## Task prompt
Below are entries with pictures in them. Output exactly the lines starting at the line with "SAVILE ROW (NZ)" and ending at the line with "Shiitake Mushroom grain", both included, but not the pictures.

## Task inputs
┌──

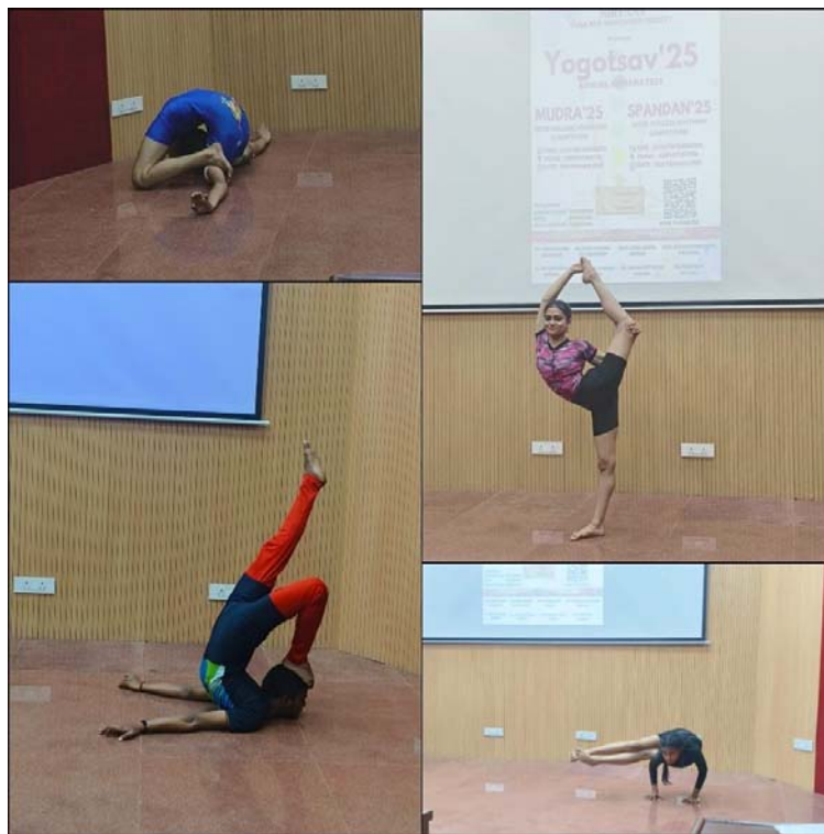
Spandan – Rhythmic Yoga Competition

└──
┌──

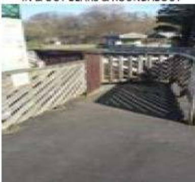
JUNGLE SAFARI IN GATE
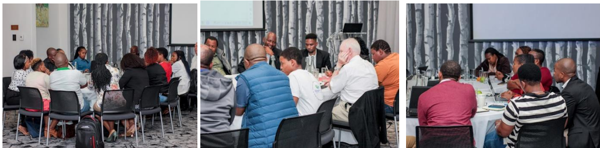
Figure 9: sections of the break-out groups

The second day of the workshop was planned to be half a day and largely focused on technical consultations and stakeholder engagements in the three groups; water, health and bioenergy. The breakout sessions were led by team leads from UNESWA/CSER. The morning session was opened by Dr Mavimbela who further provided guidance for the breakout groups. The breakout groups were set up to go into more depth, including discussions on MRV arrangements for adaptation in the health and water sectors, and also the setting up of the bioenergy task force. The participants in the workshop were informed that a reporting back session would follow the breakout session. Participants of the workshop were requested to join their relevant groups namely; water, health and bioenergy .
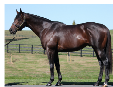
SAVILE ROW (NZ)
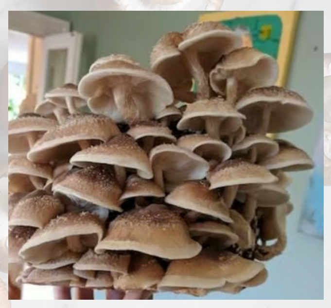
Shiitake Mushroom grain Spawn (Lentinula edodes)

└──
┌──

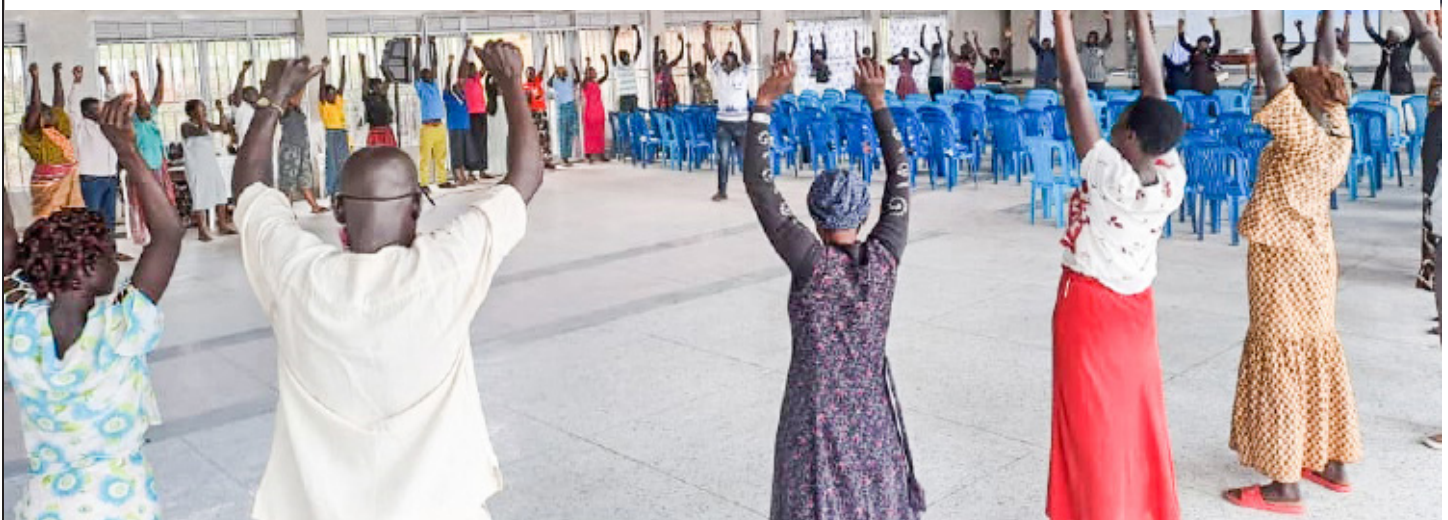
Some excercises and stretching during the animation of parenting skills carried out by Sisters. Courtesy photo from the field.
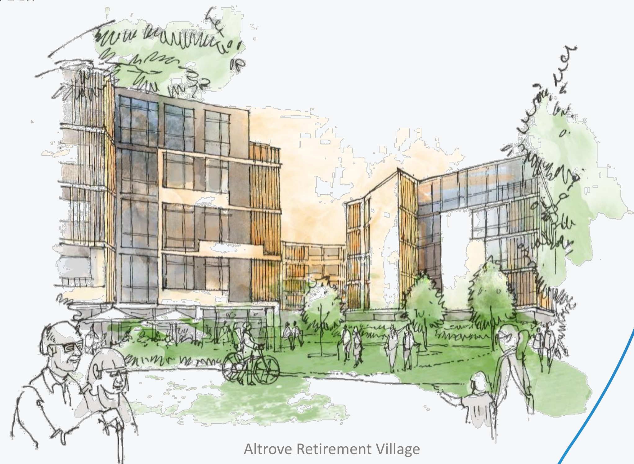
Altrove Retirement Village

└──

## Your solution
SAVILE ROW (NZ)
Shiitake Mushroom grain Spawn (Lentinula edodes)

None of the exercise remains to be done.